On the Scene: Chasing the Ominous Clouds of a Supercell Thunderstorm
Meet the photographer who runs into the path of severe weather.
In her eight years as a severe weather photographer, Caryn Hill has photographed 244 tornados. Every spring, in what’s known as “chase season,” Hill follows the weather patterns in her home state of Colorado and surrounding areas. She will encounter—and photograph—not only tornados, but also hail, mammatus clouds, and supercell thunderstorms.
It’s the latter—intense storms with anvil-shaped clouds—that is pictured here, looming over the Nebraska countryside.
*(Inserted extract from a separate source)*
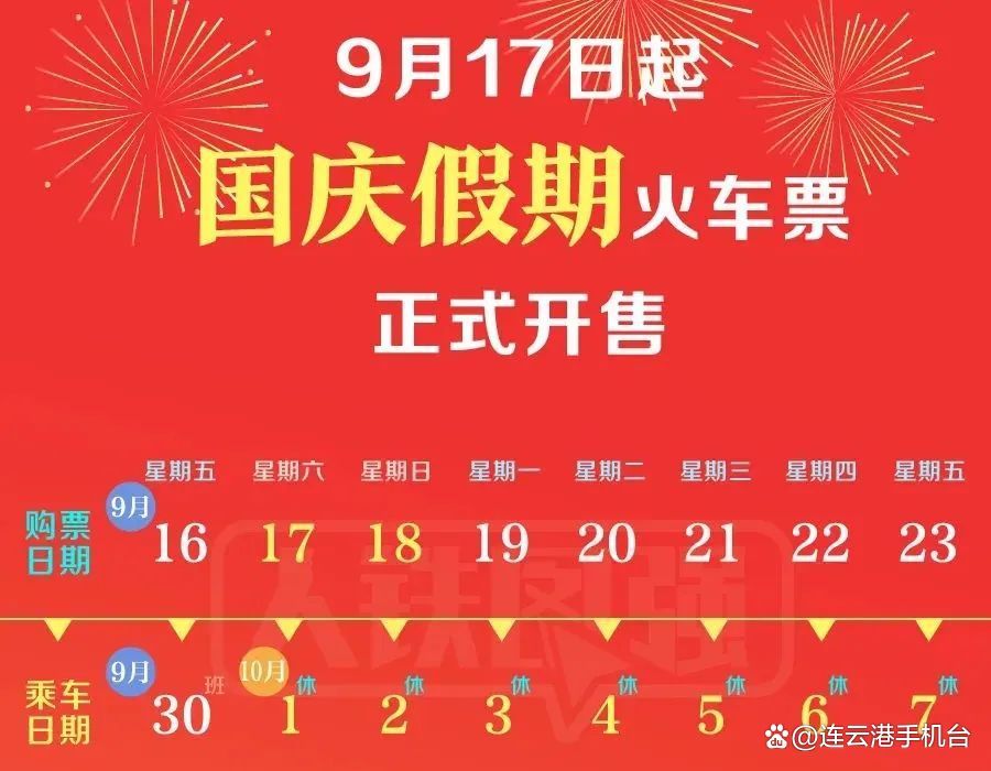 2022年国庆节放假时间为10月1日至7日。按照铁路客票预售期15天的规定,9月17日起,旅客可以通过12306网站、APP等购买国庆黄金周首日(10月1日)火车票,而10月6日和7日火车票将分别于9月22和23日开售。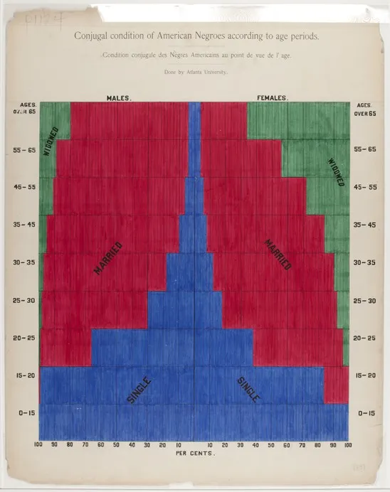 “根据年龄阶段的美国黑人婚姻状况。”由亚特兰大大学的学生准备,W. E. B. 杜波依斯收集,约1900年。感谢国会图书馆印刷和摄影部。当全国各地的博物馆关闭时,纽约和旧金山的策展人也不得不将他们的工作转移到线上——这意味着他们现在面临着在数字鸿沟中吸引人们的相同挑战。两者都感到有能力应对这一任务。即使在旧金山市长伦敦·布里德的居家令之前,YBCA就已经在考虑如何将城市中最难统计的20个 社区纳入这样的项目,因为他们知道,那些本来就对公共空间感到更恐惧的人在全球疫情期间可能会更加不愿意访问博物馆。

Hill captured this storm early on a summer’s evening in 2014 during one of the severe weather photography tours she runs. “We plan out photographic trips according to the weather pattern,” she says. “We also intentionally and safely position ourselves for the best possible photographic vantage point with each storm we intercept.”
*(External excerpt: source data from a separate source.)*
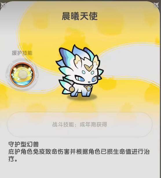 2、晨曦天使是守護型寵物戰(zhàn)斗開始時為角色添加天使守護三回合能保命回血并增精準會心率契合有一定輸出且身板較肉的騎士斗士。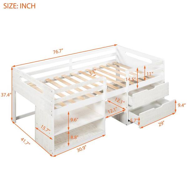 White Twin Size Loft Bed with 2-Shelves and 2-Drawers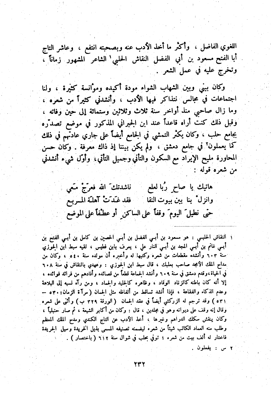 (1) النقاش الحلبي: هو مسعود بن أبي الفضل بن أبي الحصين بن كامل بن أبي الفتح بن أبي غانم بن أبي المجد بن أبي النار علي، يعرف بابن قطيس، لقيه سبط ابن الجوزي سنة 602 وأنشده مقطعات من شعره وكتبها له وأخبره أن مولده سنة 540، وكان من مداح الملك الأمجد صاحب بعلبك، قال سبط ابن الجوزي: وعهدي بالنقاش في سنة 608 في الحياة، وقدم دمشق في سنة 609 وأنشد الجماعة قطعاً من قصائده وأفادهم من فرائد فوائده، إلا أنه كان باطنه كالزناد الوقاد، وظاهره كالجليد والجماد، ومن رآه نسبه إلى البلاهة وعدم الذكاء والفقاهة، فإذا أنشد تساقط من ألفاظه مثل الجمان (مرآة الزمان: 530 - 531) وقد ترجم على ديوانه وهو في مجلدين، قال: وكان من أكابر الشيعة، ثم صار حنبلياً، وكان ينقش سكك الدراهم وغيرها، أخذ الأدب عن التاج الكندي ومدح الملك امعظم وطلب منه العماد الكاتب شيئاً من شعره ليضمنه تصنيفه المسمى بذيل الخريدة وسيل الجريدة فاختار له ألف بيت من شعره؛ توفي بحب في شوال سنة 612 (باختصار) .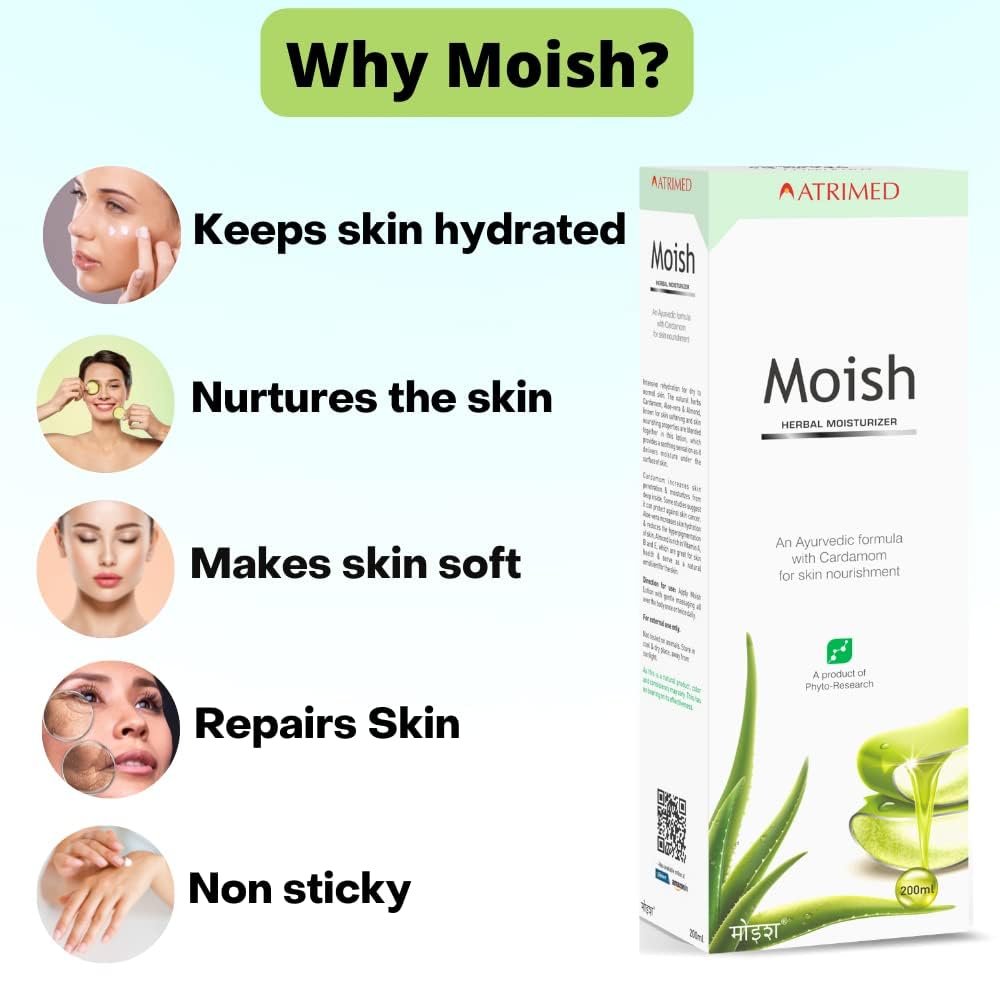 Product Description: Atrimed Moish Ayurvedic Skin Moisturizer is a herbal skincare solution designed for deep nourishment and long-lasting hydration. Enriched with time-tested Ayurvedic ingredients like Aloe Vera Cardamom Yashti Neem and Almond this lotion delivers intensive care for dry to normal skin. Aloe Vera hydrates and soothes Cardamom offers anti-inflammatory benefits and Yashti helps reduce pigmentation. Its lightweight formula absorbs easily forming a protective layer to lock in moisture without clogging pores. Use it daily for naturally glowing well-moisturized skin. Important Information: Safety Information: Keep out of reach of children. For external use only. Avoid contact with eyes. Perform a patch test before first use. Indications: Helps in moisturizing dry skin. Suitable as a daily moisturizer for all skin types. Ingredients: Aloe Vera Cardamom Yashti (Licorice) Almond Neem Directions for Use: Apply Moish lotion after bath with gentle massaging all over the body once or twice daily for best results.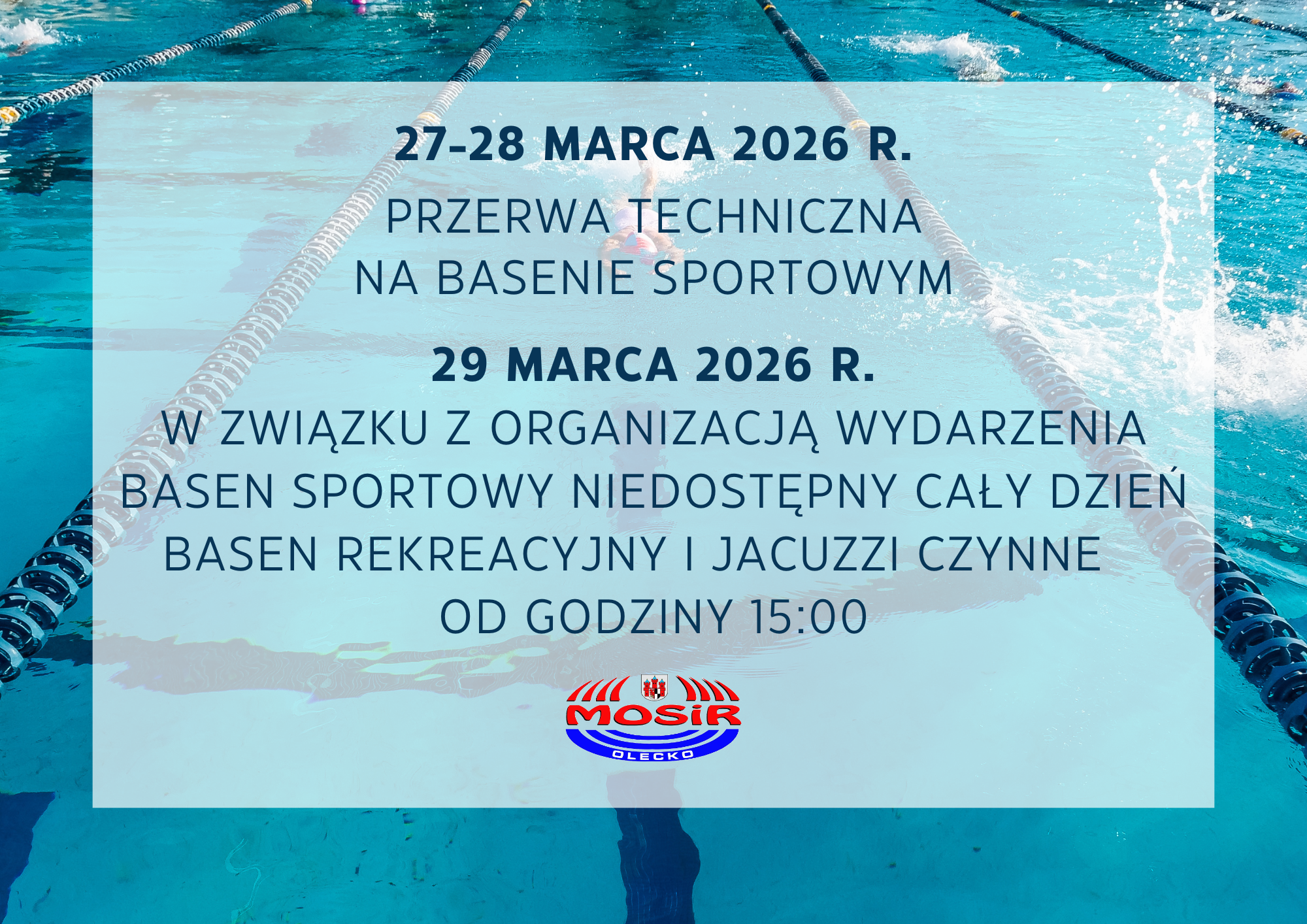 29 marca (niedziela) w związku z organizacją wydarzenia basen sportowy będzie niedostępny cały dzień. Basen rekreacyjny i jacuzzi czynne od 15:00.

Hill says she titled this photo “Range Hood” because when she first saw the dramatic clouds, she wondered what people in nearby homes were thinking when they looked out their window: “Can you imagine standing in your kitchen, cooking dinner (this was taken around 6 p.m.) and looking out and seeing this sight above your house?”
In nearby states, there are pilots who try to change the weather. Hill prefers to stand by and photograph nature unfolding. “I am forever in awe of what nature provides on any given storm chase,” she says. “But moments like this are forever etched in my mind as some of the best photographic moments as a severe weather photographer.”